Par chance entre les feuilles, le ciel. Et moi qui coupe dans le gras, mets saison au lieu de raison, voix au lieu de violon, parce que les maigres vents, parce que l’épi roux, parce que quand je perds la saison, au moins je sais où elle se trouve. En plein milieu du temps.
Photo – ENJAMBER LES CONDUITES * Septembre 2025 – Montréal
Dans la cour ce matin, comme un parfum de mer. Je sais, c’est impossible. Sans doute le repas d’hier d’un voisin. Le vent annonce le changement. En attendant, dans ces heures passées à écrire, même quand mes mots sont plats à force de trop vouloir, c’est le même rien qui me cherche. Ce rien comme dans l’envers du monde, l’envers de l’ambition. Comme le tranquille de la feuille, à l’envers de la guerre, de la société des hommes. Ce rien comme dans mon jardin – qui a l’air fou, diraient certains.
Photo – L’IMAGE D’UN DÉPART * Septembre 2025 – Montréal
L’érable est complètement orange. Sur le trottoir d’en face, une fille s’est arrêtée pour donner le temps à son chien.
La peine est allée s’allonger sur un portrait de pierre. Une rose s’est repliée sur le bout d’une langue. J’entends la même plainte qui monte d’un piano.
Fais attention dans la ruelle. J’ai trouvé au bord de la porte des morceaux de verre cassé. Au cas où il en resterait.
Mon café dans les mains, je me suis avancée vers la fenêtre pour regarder la cour. Au même moment, la corneille se posait au coin d’un toit de l’autre côté de la ruelle. J’ai dit « reste, corneille, reste un peu, ça fait longtemps que je t’ai vue ». Mais elle est partie, la corneille, sans demander son dû.

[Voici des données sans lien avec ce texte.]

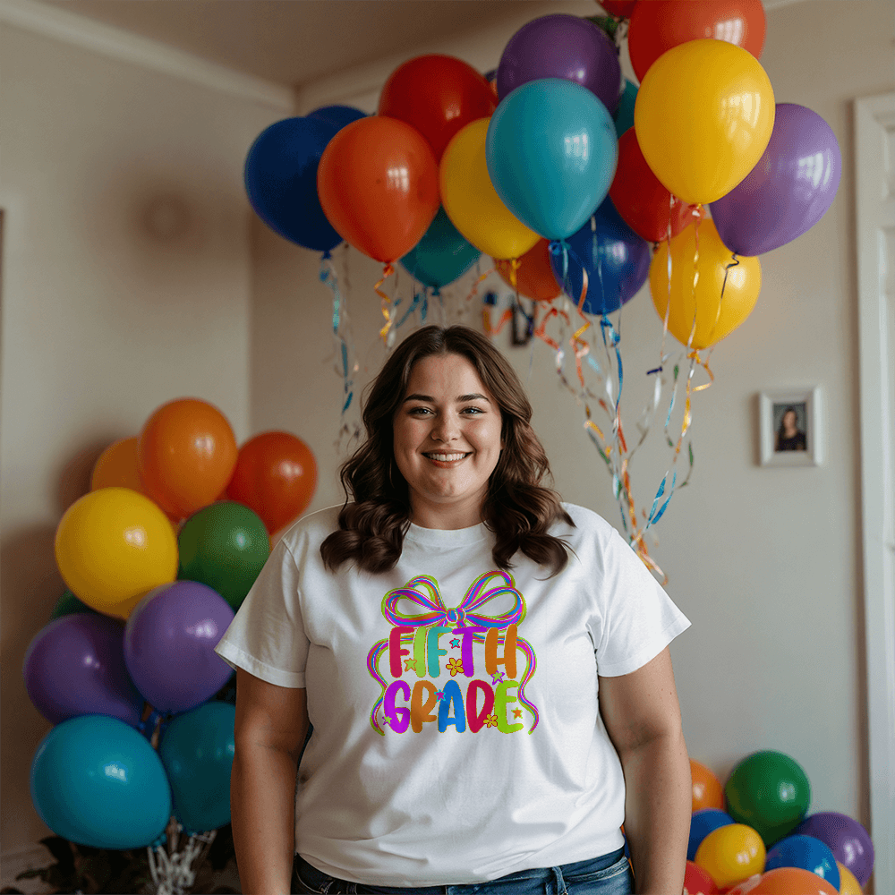 Neon Bow Fifth Grade Team Teacher T-shirt

Ces derniers jours, je fais le même détour pour me rendre nulle part. Cachées derrière des feuilles se trouvent des grappes bien mûres.
Photo – LUMIÈRE D’AUTOMNE ET SAXOPHONE * 13 septembre 2025 – Montréal
Matin bleu de septembre. Tu tournes dans le même lit, vogues dans le même bateau. Et puis les mots et la beauté, et cet élan aussi étrange qu’intarissable, reviennent te prendre et t’occuper à autre chose qu’à la guerre, transmuer les dérives et les désillusions.

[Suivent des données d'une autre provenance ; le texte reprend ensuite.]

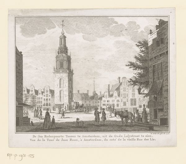 Curator: Before us is "View of the Old Fish Market in Haarlem," an etching created by Caspar Jacobsz. Philips in 1768. It resides, fittingly, in the Rijksmuseum collection. Editor: The striking tonal contrast of this Dutch Golden Age cityscape really pulls you in. The darkness of the church sharply contrasts the light that fills the marketplace. It definitely evokes a sense of bustling commercial activity. Curator: Precisely! Consider Haarlem in 1768 – a center of trade and civic life. This print offers a window into the daily lives of its inhabitants. Observe the figures populating the square: are they merchants, patrons, or are they simply people on their way somewhere? Their presence and their clothes contribute to a narrative about gender, class, and commerce. Editor: I agree. What stands out to me are the market stalls themselves. Etching allowed for precise replication of details like those canvas awnings, and the people seem actively engaged in some economic exchange. Look how the textures vary, stone compared to textiles. The choice of materials—copper plate, etching tools, the paper itself—reveal the hand of the artisan shaping perceptions of urban space. Curator: Absolutely, we can't overlook Philips' role in shaping perception! This etching provides a sense of ordered society – an idea important during the Dutch Enlightenment. Consider that Haarlem also bore witness to inequality and social struggles, and so this is also in many ways a performance. It invites reflection on urban experience through carefully constructed visual imagery, highlighting the ideal versus a potentially very different reality. Editor: The question of what to leave in, what to take out. It’s all part of how images reinforce a cultural or economic worldview. The choice of perspective and even what the weather looks like that day matters, doesn’t it? Looking closely at what is emphasized, it highlights the controlled production inherent in the Dutch art market. Curator: Looking at the legacy, one can ask: who has access to making history? Editor: That’s exactly where process connects to the broader political discourse, isn't it? The work reflects economic activity while also reflecting the values of the era. Curator: Well, the value here comes both from labor and insight into a historical microcosm. Editor: Definitely an efficient medium that tells a big story!

Photo – PISTER LE TEMPS * Septembre 2025 – Montréal
Aussi pleine que toujours, la cour n’entend pas à rire. Les tomates fusent de partout. C’est encore l’asphalte qui en prend pour sa grippe.
Alice erre sous le plafond en attendant qu’il tombe. Chaque jour elle soûle ses fatigues devant l’impotente plénière. Aux jugements provisoires qui servent à calmer les esprits, elle préfère le thé, qu’elle boit désormais à la petite cuillère.

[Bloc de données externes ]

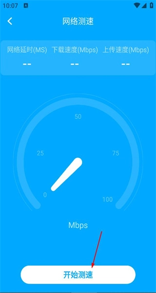 3、返回WiFi页面点击网络测速选项,进入测速页面后,点击开始测速按钮执行测速操作。

Photo – LA BELLE PAIRE * 7 septembre 2025 – Montréal
Je ne sais toujours pas pourquoi, enfant, j’ai tant rongé mes ongles et les peaux tout autour. Je ne sais pas grand-chose de moi. Mais le vent, je sais que j’aime le vent. Et qu’il a soufflé fort hier, assez pour changer bien des choses. Je sais aussi que le butor aime les courants bas et les langes souillés, et les corps et les âmes à portée de bêtise. Une petite voix sur le trottoir vient de poser une question. Et celle d’une femme lui répond le plus doucement du monde. La fenêtre est encore ouverte. J’entends même les pas de passants de l’autre côté de la rue. Chaque jour un peu mieux que la veille, j’élude et je m’esquive. Regarde quand même où tu vas, dit Maude, tu as les épaules exposées.